■ **Data extracts**
=-=-=-=-=
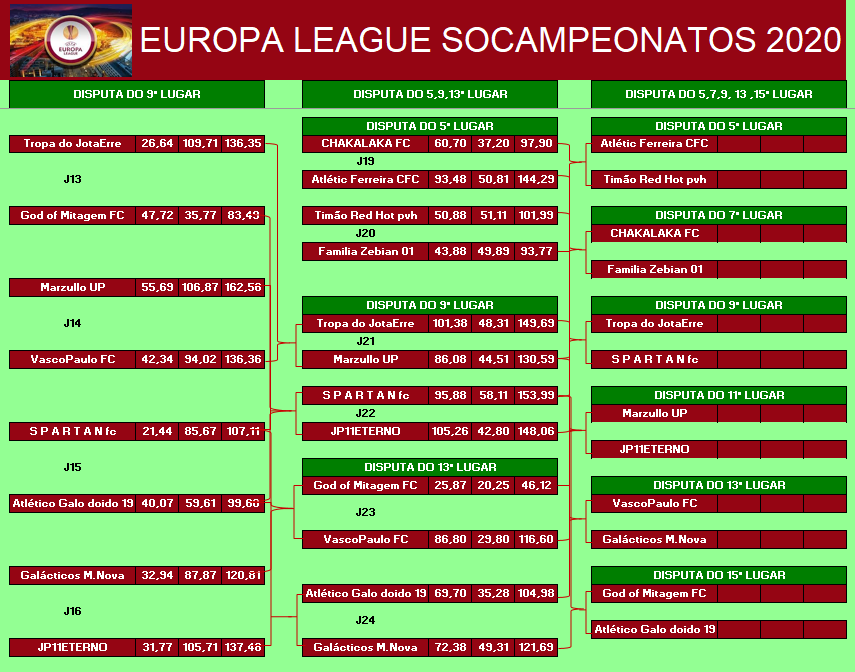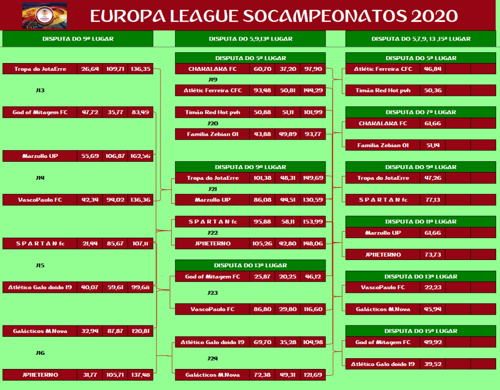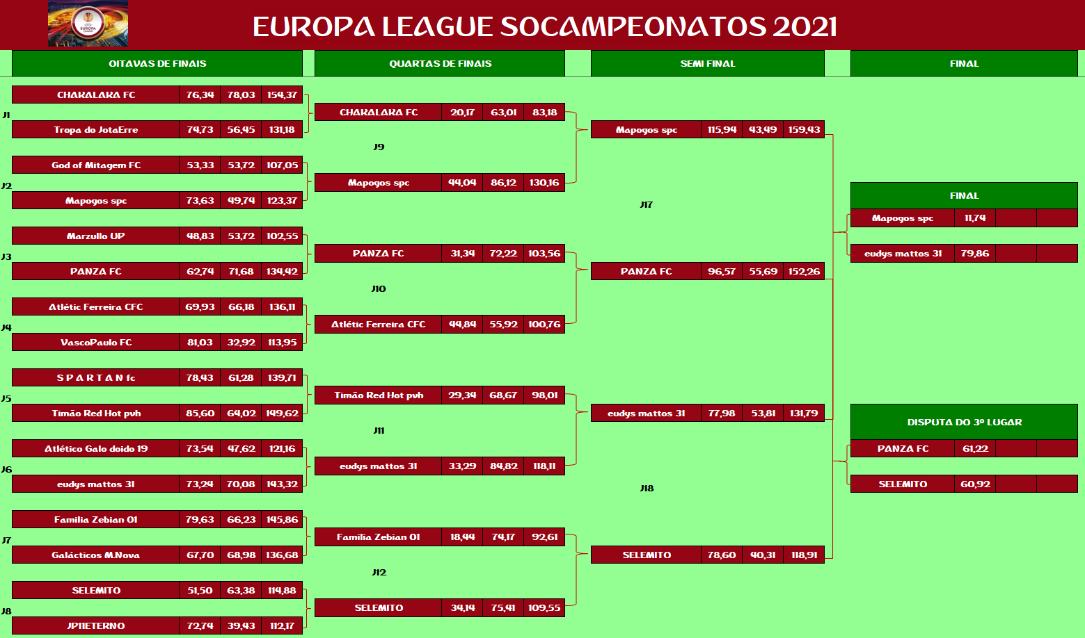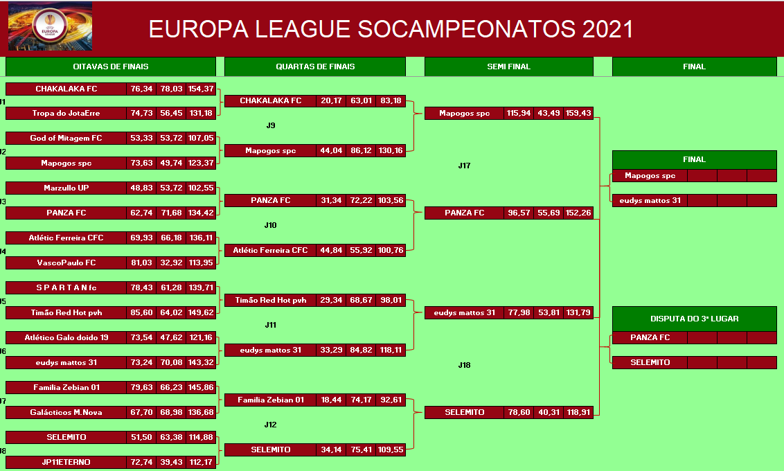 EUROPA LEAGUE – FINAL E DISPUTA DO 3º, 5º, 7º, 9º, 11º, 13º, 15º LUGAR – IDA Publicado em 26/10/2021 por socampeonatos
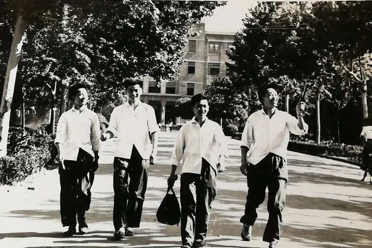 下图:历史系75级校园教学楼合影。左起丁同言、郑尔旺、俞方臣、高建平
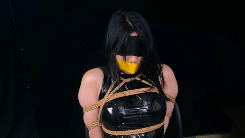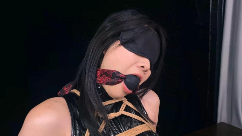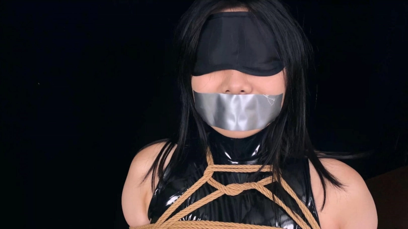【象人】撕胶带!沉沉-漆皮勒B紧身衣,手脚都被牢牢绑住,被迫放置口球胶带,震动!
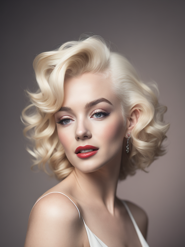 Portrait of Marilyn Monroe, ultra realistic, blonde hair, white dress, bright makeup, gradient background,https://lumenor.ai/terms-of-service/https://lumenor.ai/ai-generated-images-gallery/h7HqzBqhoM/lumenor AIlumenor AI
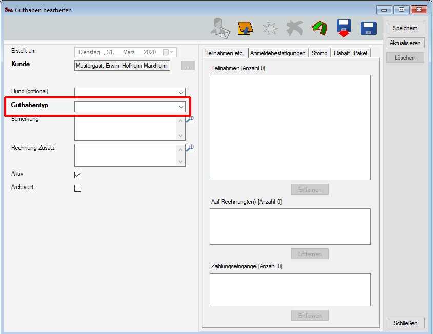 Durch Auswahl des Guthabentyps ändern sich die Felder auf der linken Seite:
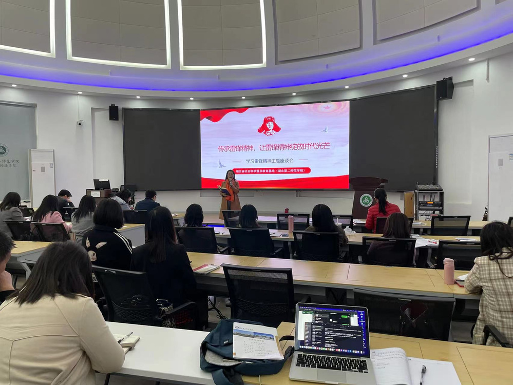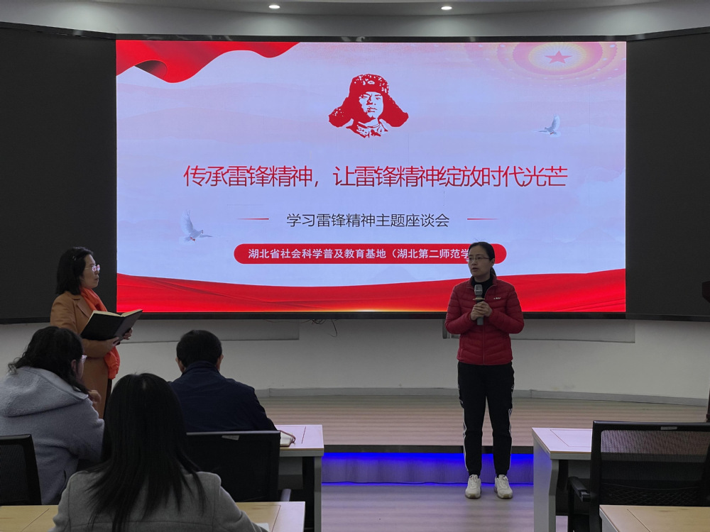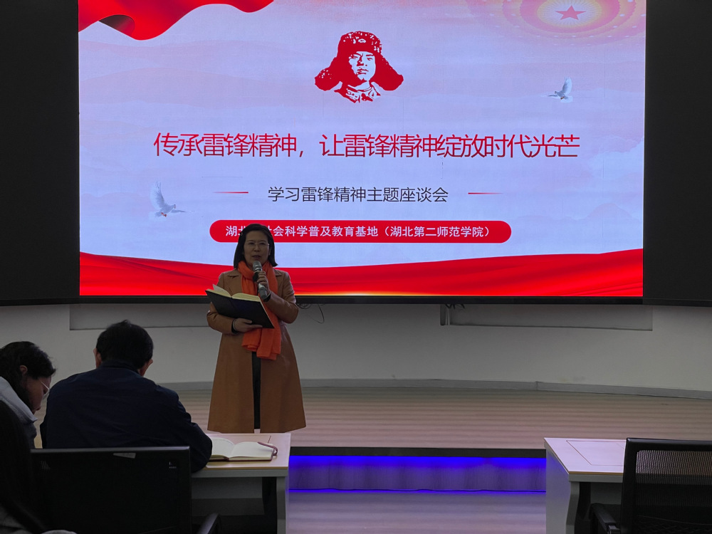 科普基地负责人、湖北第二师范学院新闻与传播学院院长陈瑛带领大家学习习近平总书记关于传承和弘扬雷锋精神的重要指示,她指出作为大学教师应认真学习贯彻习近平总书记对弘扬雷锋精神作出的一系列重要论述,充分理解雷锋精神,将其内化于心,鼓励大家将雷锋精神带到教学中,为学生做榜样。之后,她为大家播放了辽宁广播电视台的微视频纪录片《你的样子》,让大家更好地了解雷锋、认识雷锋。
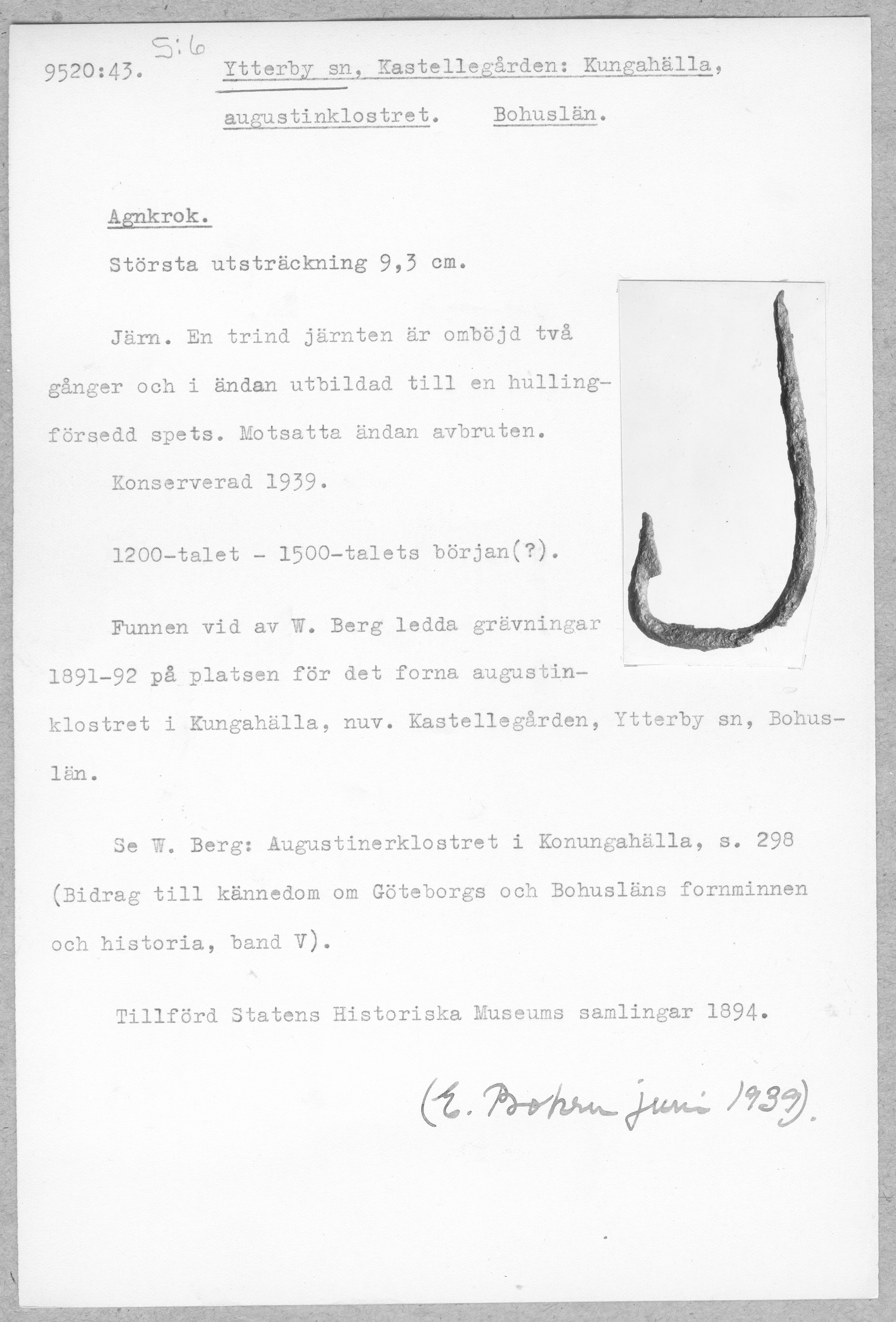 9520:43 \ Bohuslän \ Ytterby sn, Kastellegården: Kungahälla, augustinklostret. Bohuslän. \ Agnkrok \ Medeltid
=-=-=-=-=
■ **What to produce**
An exact, image-free transcription of all the records above is needed.

■ **Answer for this exercise**
 EUROPA LEAGUE – FINAL E DISPUTA DO 3º, 5º, 7º, 9º, 11º, 13º, 15º LUGAR – IDA Publicado em 26/10/2021 por socampeonatos
 下图:历史系75级校园教学楼合影。左起丁同言、郑尔旺、俞方臣、高建平
【象人】撕胶带!沉沉-漆皮勒B紧身衣,手脚都被牢牢绑住,被迫放置口球胶带,震动!
 Portrait of Marilyn Monroe, ultra realistic, blonde hair, white dress, bright makeup, gradient background,https://lumenor.ai/terms-of-service/https://lumenor.ai/ai-generated-images-gallery/h7HqzBqhoM/lumenor AIlumenor AI
 Durch Auswahl des Guthabentyps ändern sich die Felder auf der linken Seite:
 科普基地负责人、湖北第二师范学院新闻与传播学院院长陈瑛带领大家学习习近平总书记关于传承和弘扬雷锋精神的重要指示,她指出作为大学教师应认真学习贯彻习近平总书记对弘扬雷锋精神作出的一系列重要论述,充分理解雷锋精神,将其内化于心,鼓励大家将雷锋精神带到教学中,为学生做榜样。之后,她为大家播放了辽宁广播电视台的微视频纪录片《你的样子》,让大家更好地了解雷锋、认识雷锋。
 9520:43 \ Bohuslän \ Ytterby sn, Kastellegården: Kungahälla, augustinklostret. Bohuslän. \ Agnkrok \ Medeltid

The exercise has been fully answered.